Wild Atlantic Way Begins in Westport
Today we got a good look at the Irish coast and did all kinds of different things. We left Killarney at 10 for a long drive over many highways and winding roads bordered by hedges up the Wild Atlantic Way, stopping at Ennis and then to the waterside town of Westport.
At the Idle Wall, we had a top-notch elegant lunch, while the proprietress told us about the seasonal and local sourcing that they are fanatic about. A parsnip soup with a sizzled sage leaf inside was creamy and delicious, and the other entrees were also artful and full of great tastes. Even the salt was special, their own pork salt served with the sea salt and butter from a farm 5 miles away.
Then we departed for the magnificent Westport House, a 15th-century manor house with a history that involves a woman who lived as a pirate and faked her sex, and a long dynasty of continuous ownership until this year when the big estate went up for sale.

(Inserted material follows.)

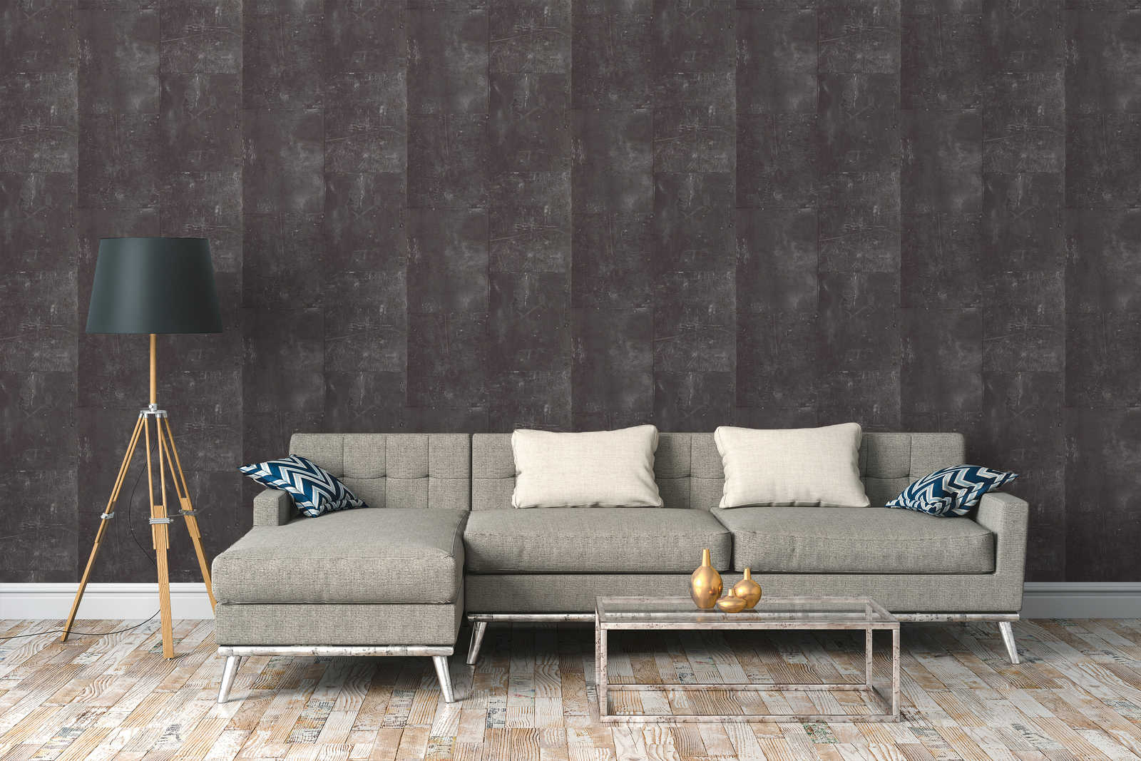 Behang met metaallook in ruwe industriële stijl - grijs, violet, blauw

Fingers crossed, three local partners who own the hotel in town are buying the place and preserving and restoring gardens along with creating another hotel property nearby. Then it was time to meet some birds of prey, and two elegantly-dressed bird handlers began bringing their avian friends out of their van. Two owls, then a hawk. The hawk took long swoops around the property before he circled up and around and attacked a piece of chicken dangling with its own parachute from a drone. Then we had a small archery competition, and none of us were very good at shooting.
Then we had a small archery competition, and none of us were very good at shooting, but it was fun to try and learn, and as the rain began to fall, we drove to get bicycles. Rain is no impediment to riding bicycles, and we donned our reflective vests and headed out on a bike trail. One side is painted green and the other red, to show where bikes and walkers should separate.
The bikes were hired on the late side, but our hosts had a scheme in mind. We had at three-stage dinner, starting at the Westport Coast Hotel, then to the Hotel Westport, and the Clew Bay Hotel, and finally with a pint at Cobbler’s at the Wyatt Hotel.
The rain and the dark had no effect–in fact, the street lights in town for some reason were all dark, making it even darker. But we laughed our way, all the way, to enjoy great local food, fine company and the unequaled hospitality of the Irish at every turn.